*** Records for the exercise Section Begins ***

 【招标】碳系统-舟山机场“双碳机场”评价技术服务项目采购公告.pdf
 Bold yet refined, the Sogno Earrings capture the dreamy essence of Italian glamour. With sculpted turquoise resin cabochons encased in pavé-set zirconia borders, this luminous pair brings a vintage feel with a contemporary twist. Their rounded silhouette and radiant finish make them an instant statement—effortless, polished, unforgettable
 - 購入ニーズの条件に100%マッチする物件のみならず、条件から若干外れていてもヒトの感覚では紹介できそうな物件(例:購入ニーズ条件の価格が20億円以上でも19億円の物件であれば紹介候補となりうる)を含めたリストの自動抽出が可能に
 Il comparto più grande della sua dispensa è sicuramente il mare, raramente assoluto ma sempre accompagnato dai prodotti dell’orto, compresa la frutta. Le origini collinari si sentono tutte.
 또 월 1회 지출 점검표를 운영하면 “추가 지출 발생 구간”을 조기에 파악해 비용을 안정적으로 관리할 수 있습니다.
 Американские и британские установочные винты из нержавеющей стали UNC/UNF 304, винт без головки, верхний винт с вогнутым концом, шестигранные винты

*** Records for the exercise Section Ends ***
*** Records for the exercise Section Begins ***

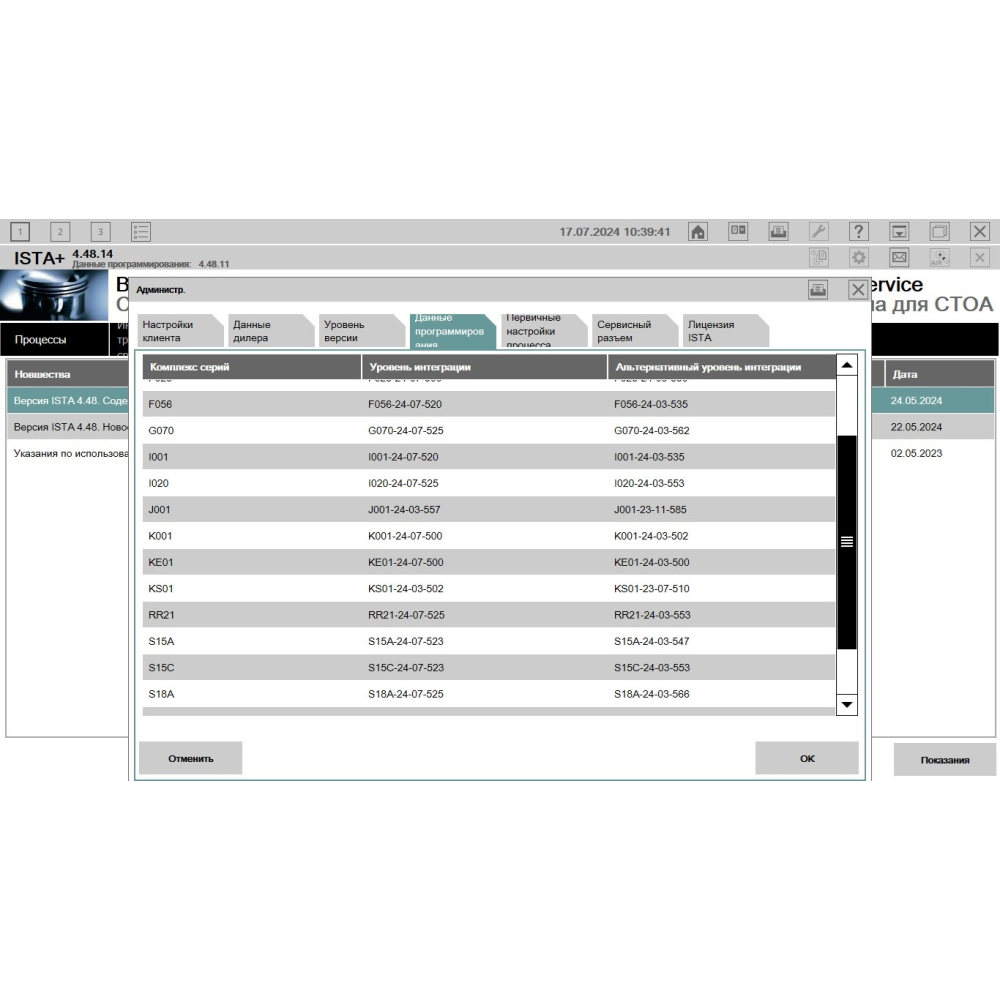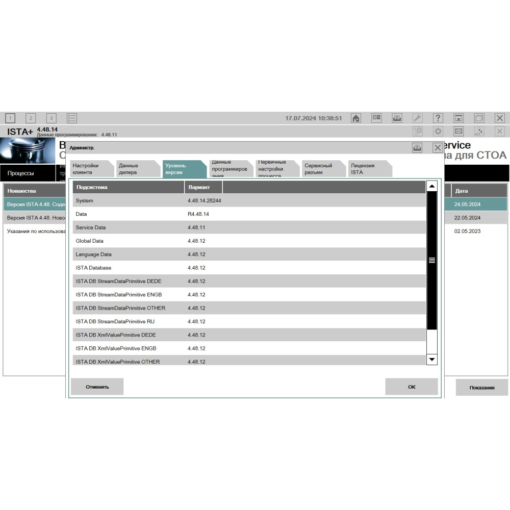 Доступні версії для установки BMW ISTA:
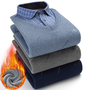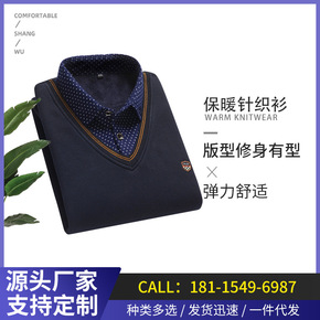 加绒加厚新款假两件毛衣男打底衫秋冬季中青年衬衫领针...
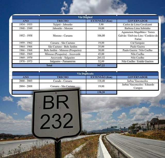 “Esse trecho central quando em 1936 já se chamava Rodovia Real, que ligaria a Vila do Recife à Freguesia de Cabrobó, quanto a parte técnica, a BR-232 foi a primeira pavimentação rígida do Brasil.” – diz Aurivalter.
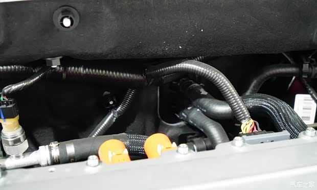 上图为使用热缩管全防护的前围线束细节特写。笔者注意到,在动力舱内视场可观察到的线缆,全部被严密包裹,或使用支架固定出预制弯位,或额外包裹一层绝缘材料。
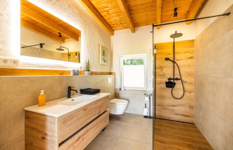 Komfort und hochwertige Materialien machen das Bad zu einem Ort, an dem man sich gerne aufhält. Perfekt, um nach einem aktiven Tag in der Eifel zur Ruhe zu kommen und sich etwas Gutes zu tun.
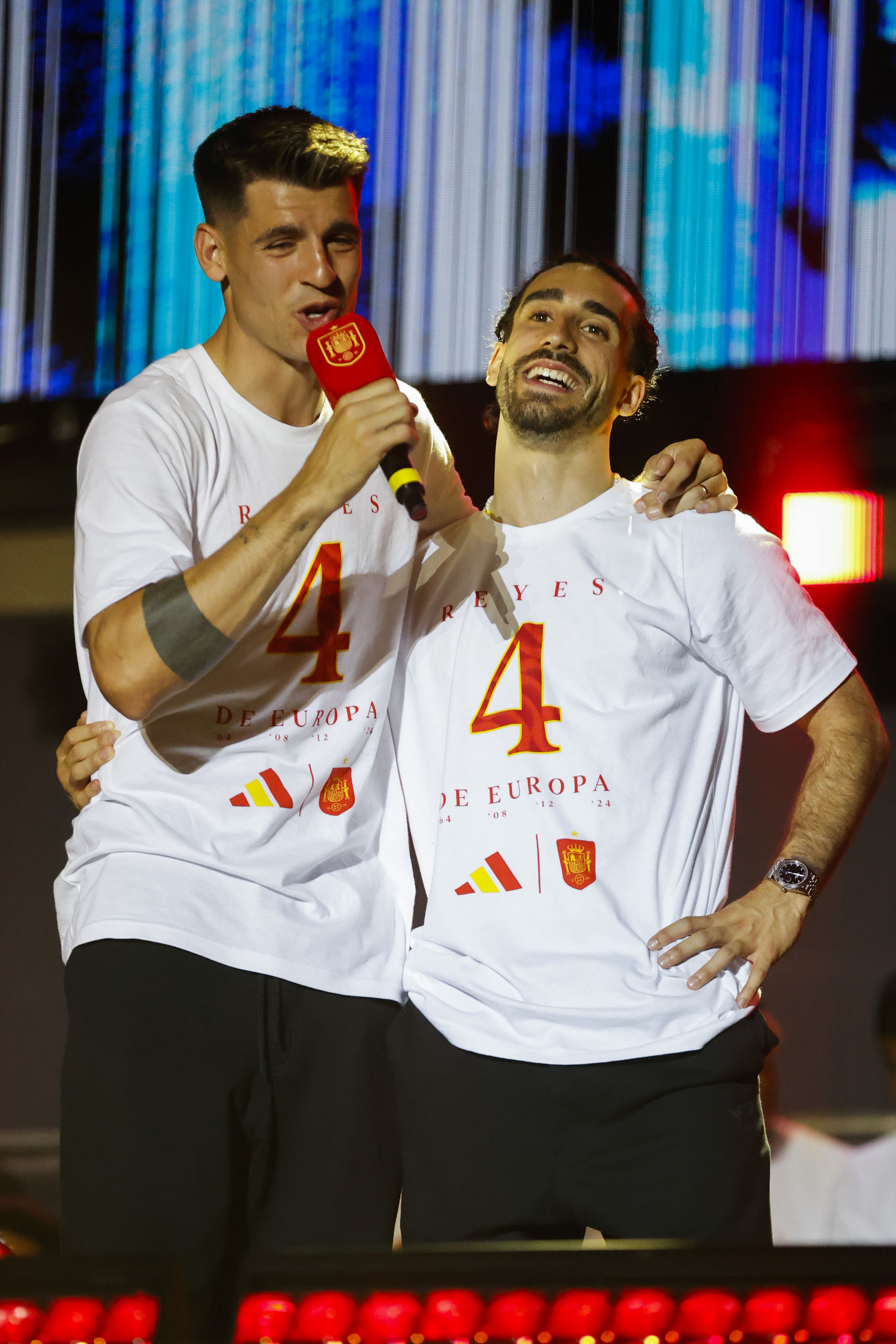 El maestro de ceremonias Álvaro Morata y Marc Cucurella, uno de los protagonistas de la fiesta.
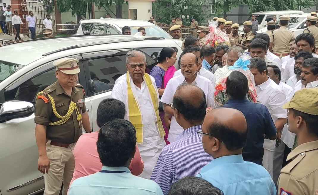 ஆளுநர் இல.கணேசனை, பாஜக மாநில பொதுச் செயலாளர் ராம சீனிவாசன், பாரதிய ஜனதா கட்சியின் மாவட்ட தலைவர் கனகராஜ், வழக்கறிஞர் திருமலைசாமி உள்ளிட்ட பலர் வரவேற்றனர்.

*** Records for the exercise Section Ends ***

■ Your goal: In the records above, find the line containing "Доступні версії для" and the line containing "trecho central quando", then give both of them again word for word along with every line between. Omit any pictures.

■ Exercise answer:
 Доступні версії для установки BMW ISTA:
 加绒加厚新款假两件毛衣男打底衫秋冬季中青年衬衫领针...
 “Esse trecho central quando em 1936 já se chamava Rodovia Real, que ligaria a Vila do Recife à Freguesia de Cabrobó, quanto a parte técnica, a BR-232 foi a primeira pavimentação rígida do Brasil.” – diz Aurivalter.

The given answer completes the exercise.